◆ Work instruction: Repeat nothing but the lines below running from the one containing "Decorated with exquisite" to the one containing "MONTLAUR → AÉROPORT TOULOUSE-BLAGNAC". Keep both end lines.

◆ Input material:
Start of Block

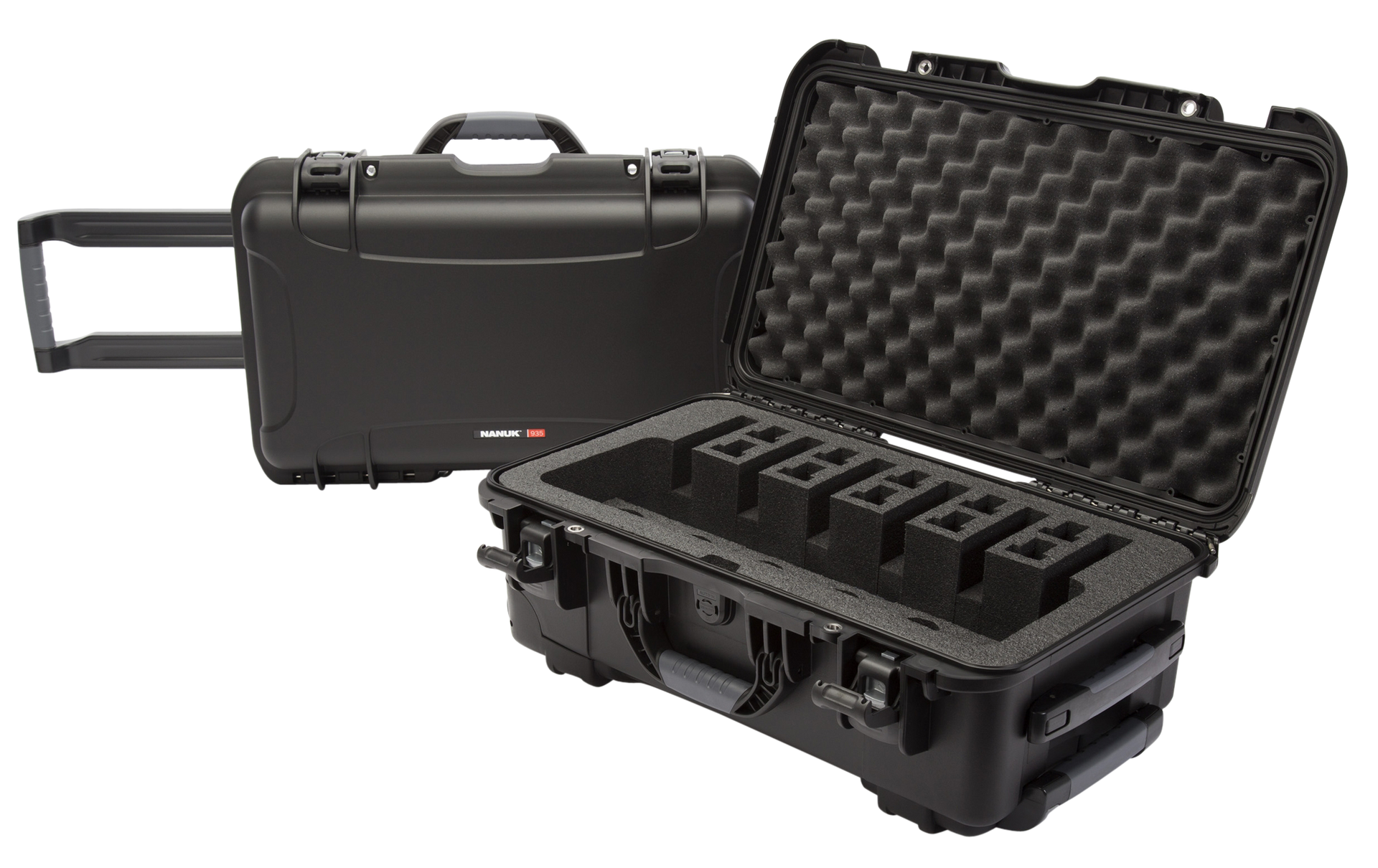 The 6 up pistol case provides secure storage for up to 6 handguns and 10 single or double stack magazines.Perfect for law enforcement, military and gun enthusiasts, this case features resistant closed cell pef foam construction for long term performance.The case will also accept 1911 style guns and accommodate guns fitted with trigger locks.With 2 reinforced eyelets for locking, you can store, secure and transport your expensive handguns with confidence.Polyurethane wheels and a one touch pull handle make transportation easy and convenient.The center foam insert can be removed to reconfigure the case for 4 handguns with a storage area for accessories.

End of Block
Start of Block

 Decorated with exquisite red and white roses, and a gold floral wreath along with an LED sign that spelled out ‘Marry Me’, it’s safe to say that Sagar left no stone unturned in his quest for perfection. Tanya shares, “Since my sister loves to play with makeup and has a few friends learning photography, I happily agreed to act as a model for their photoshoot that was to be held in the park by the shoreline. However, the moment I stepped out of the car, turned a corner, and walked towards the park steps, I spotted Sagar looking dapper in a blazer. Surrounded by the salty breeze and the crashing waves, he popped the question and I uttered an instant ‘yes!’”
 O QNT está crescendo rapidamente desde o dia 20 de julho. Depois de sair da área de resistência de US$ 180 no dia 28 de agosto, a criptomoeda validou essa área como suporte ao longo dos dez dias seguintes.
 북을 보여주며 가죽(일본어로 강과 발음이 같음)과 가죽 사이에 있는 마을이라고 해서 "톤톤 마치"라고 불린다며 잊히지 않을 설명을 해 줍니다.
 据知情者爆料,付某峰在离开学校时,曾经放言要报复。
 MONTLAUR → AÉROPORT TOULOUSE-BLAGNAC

End of Block
Start of Block

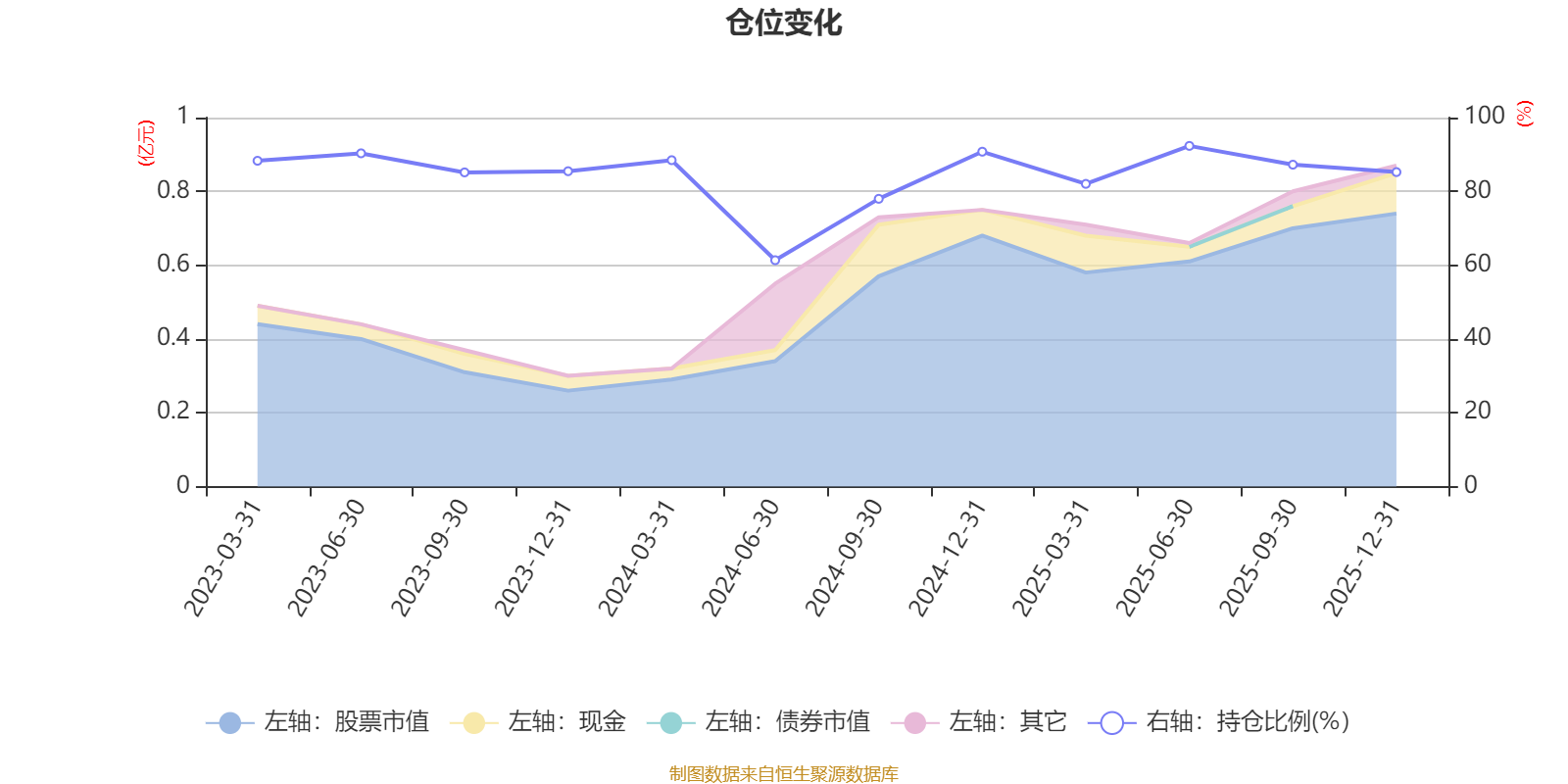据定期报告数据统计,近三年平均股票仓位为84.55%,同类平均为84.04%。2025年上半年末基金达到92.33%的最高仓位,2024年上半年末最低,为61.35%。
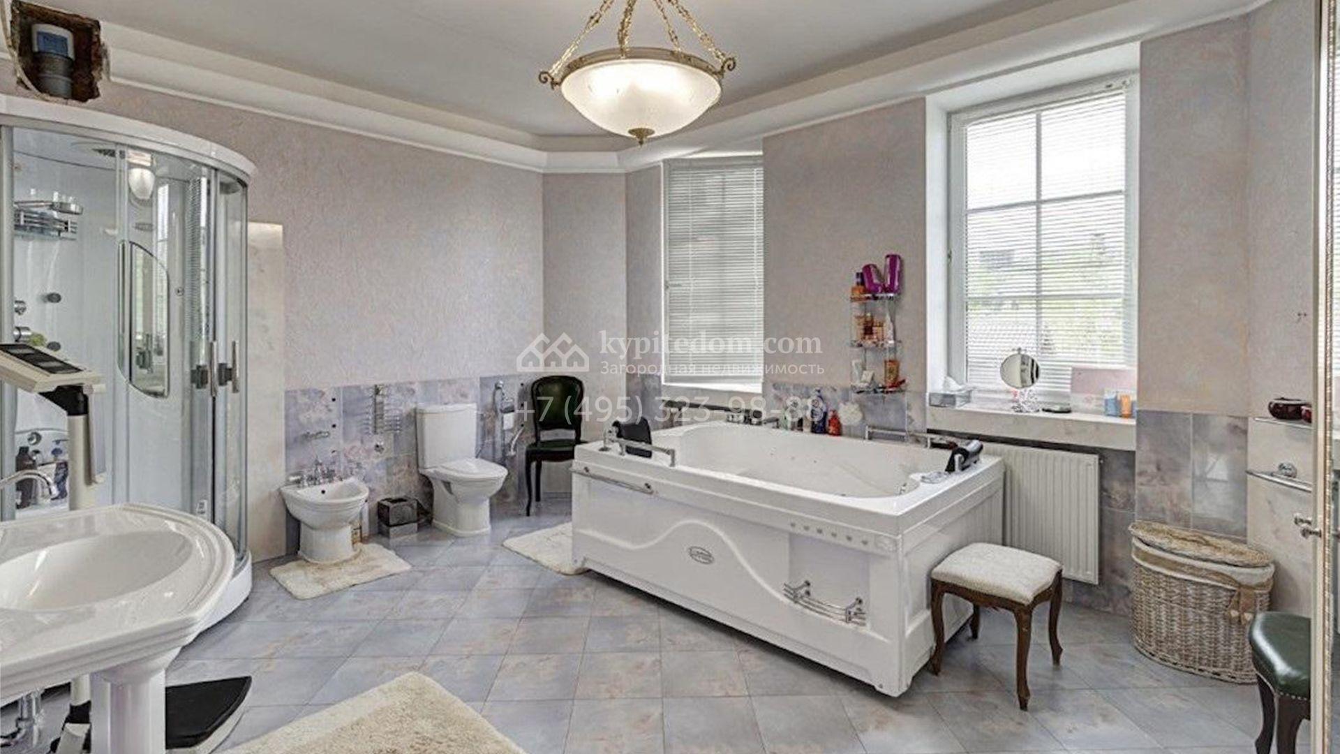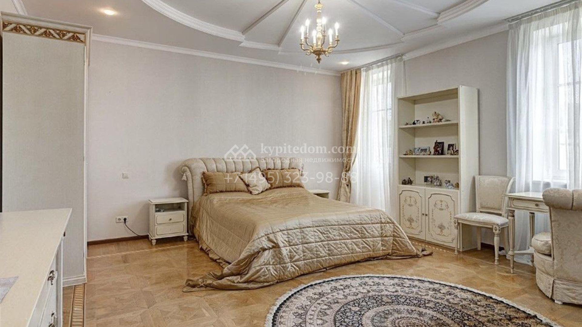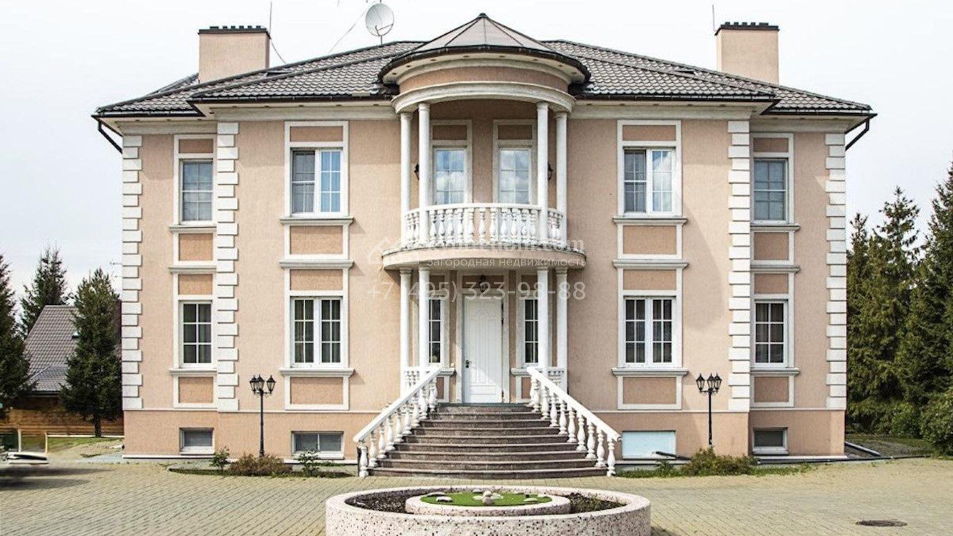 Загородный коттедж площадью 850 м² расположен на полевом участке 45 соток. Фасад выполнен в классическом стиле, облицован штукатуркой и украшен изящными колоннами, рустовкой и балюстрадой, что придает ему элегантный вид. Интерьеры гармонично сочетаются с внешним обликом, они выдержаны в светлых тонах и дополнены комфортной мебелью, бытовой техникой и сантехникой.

End of Block

◆ Result for this exercise:
 Decorated with exquisite red and white roses, and a gold floral wreath along with an LED sign that spelled out ‘Marry Me’, it’s safe to say that Sagar left no stone unturned in his quest for perfection. Tanya shares, “Since my sister loves to play with makeup and has a few friends learning photography, I happily agreed to act as a model for their photoshoot that was to be held in the park by the shoreline. However, the moment I stepped out of the car, turned a corner, and walked towards the park steps, I spotted Sagar looking dapper in a blazer. Surrounded by the salty breeze and the crashing waves, he popped the question and I uttered an instant ‘yes!’”
 O QNT está crescendo rapidamente desde o dia 20 de julho. Depois de sair da área de resistência de US$ 180 no dia 28 de agosto, a criptomoeda validou essa área como suporte ao longo dos dez dias seguintes.
 북을 보여주며 가죽(일본어로 강과 발음이 같음)과 가죽 사이에 있는 마을이라고 해서 "톤톤 마치"라고 불린다며 잊히지 않을 설명을 해 줍니다.
 据知情者爆料,付某峰在离开学校时,曾经放言要报复。
 MONTLAUR → AÉROPORT TOULOUSE-BLAGNAC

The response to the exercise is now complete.